至于那楊宜文,簡直就是又壞又蠢的代表人物了。
馬氏的期盼,注定是竹籃打水一場空。
馬氏拿着肉回來的時候,楊順年就忍不住地問道:“這是楊夏月那邊送來的豬肉?
”
馬氏點了點頭:“晚上的時候加菜。
”
楊順年的神色不好看了起來:“這楊夏月打的一手好算盤!
當着大家的面送東西過來,顯得他們多孝順一樣!
”
“要是真有這顆心,就把我們請去了!
現在弄成這樣,不是擺明了擠兌我們嗎?
”楊順年很是不高興。
雖然得了肉,但是楊順年還是莫名地覺得憋屈。
這算計來算計去的,日子過得還不如楊夏月領着一家四個丫頭過得好,他這心氣能順嗎?
晚上的時候,這肉就下了肚子。
吃完肉之後,楊順年還在回味肉的味道呢,就覺得肚子不舒服,開始鬧肚子了!
這樣的事情已經不是第一次發生了,所以楊順年很容易就想清楚發生在自己身上的事情了。
他怒聲道:“以後那邊再送來東西!
不許要!
”
楊夏月早就料到了,楊家這些人,有了吃的就忘記曾經的疼了,所以這才又警告了他們一下。
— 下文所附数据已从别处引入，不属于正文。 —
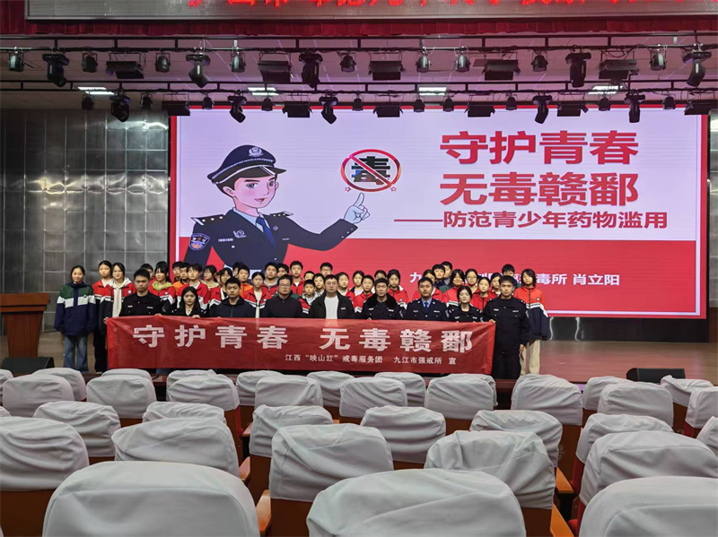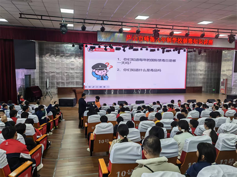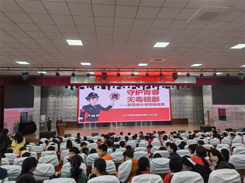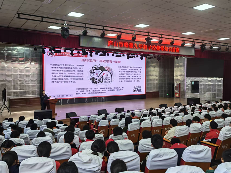为强化青少年禁毒防范意识,筑牢校园禁毒安全防线,深化“无毒赣鄱”建设行动,近日,九江市强制隔离戒毒所教育矫治大队民警一行走进庐山市峰德九年制学校,开展预防青少年药物滥用及禁毒知识专题讲座,为学校师生普及识毒、防毒、拒毒法律知识。学校党支部副书记董翔主持活动,肖立阳警官作专题讲座,学校七年级师生370余人参加。
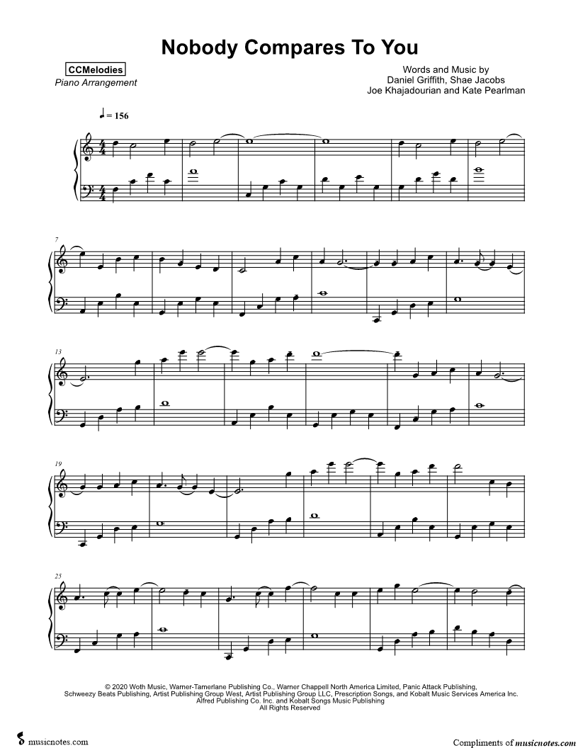Many of the arrangements on Musicnotes have transpositions available, typically in C Major, as well as 3 sharps and 3 flats. If you do not see your desired key, you can request a transposition by reaching out to Customer Support.
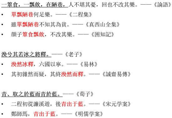 The application of AncientTRD to allusion tracing. Examples are presented in Chinese. Reused text is highlighted in red for underlined phrases.
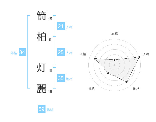 箭柏 灯麗さんの天格は24画の5点!
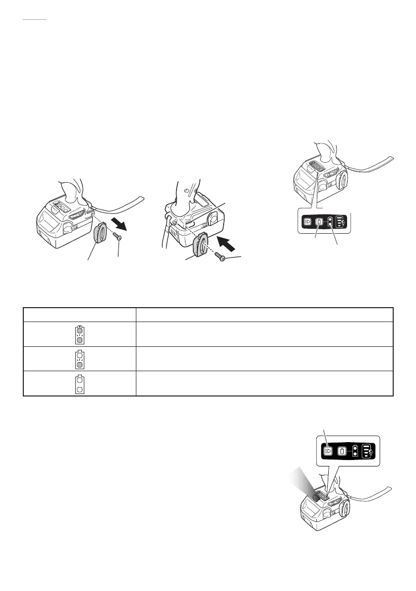 将手指从电池余量指示开关上放开后,电池余量指示灯会熄灭。电池余量指
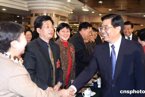 中新社北京三月四日電 中共中央總書(shū)記、國(guó)家主席、中央軍委主席胡錦濤今天下午看望了參加全國(guó)政協(xié)十屆三次會(huì)議民革、臺(tái)盟、臺(tái)聯(lián)界委員,并參加聯(lián)組會(huì),聽(tīng)取委員們的意見(jiàn)和建議。他強(qiáng)調(diào),我們要堅(jiān)持以鄧小平理論和“三個(gè)代表”重要思想為指導(dǎo),繼續(xù)貫徹“和平統(tǒng)一、一國(guó)兩制”的基本方針和現(xiàn)階段發(fā)展兩岸關(guān)系、推進(jìn)祖國(guó)和平統(tǒng)一進(jìn)程的八項(xiàng)主張,繼續(xù)以最大的誠(chéng)意、盡最大的努力爭(zhēng)取和平統(tǒng)一的前景,同時(shí)絕不容忍“臺(tái)獨(dú)”,絕不允許“臺(tái)獨(dú)”分裂勢(shì)力以任何名義、任何方式把臺(tái)灣從祖國(guó)分割出去。
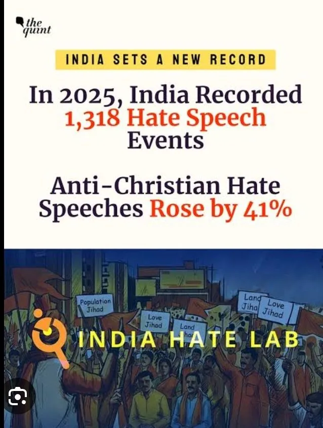 In January 2026, India Hate Lab reported that 1,318 hate speech events targeting religious minorities occurred in India during 2025 — a 13 percent increase from 2024 and nearly double that of 2023. Most instances were documented against Muslims, with a significant rise in anti-Christian hate speech as well. The data showed such events took place across multiple states and in various settings including political rallies, religious processions, and public gatherings. Critics and rights organisations cited this trend as evidence of growing intolerance and community tensions.

雖然不如上次嚴重,可是楊順年一想到楊夏月,還是覺得遍體生寒,接着,神色就冷冽了起來,和馬氏商量着:“一定要想辦法,把楊夏月這個小賤人攆出村子!
”
“她現在都敢用這樣的手段對付我們,誰知道,以後會不會下黑手要我們的命?
”楊順年想到這可能性,臉色又沉了幾分。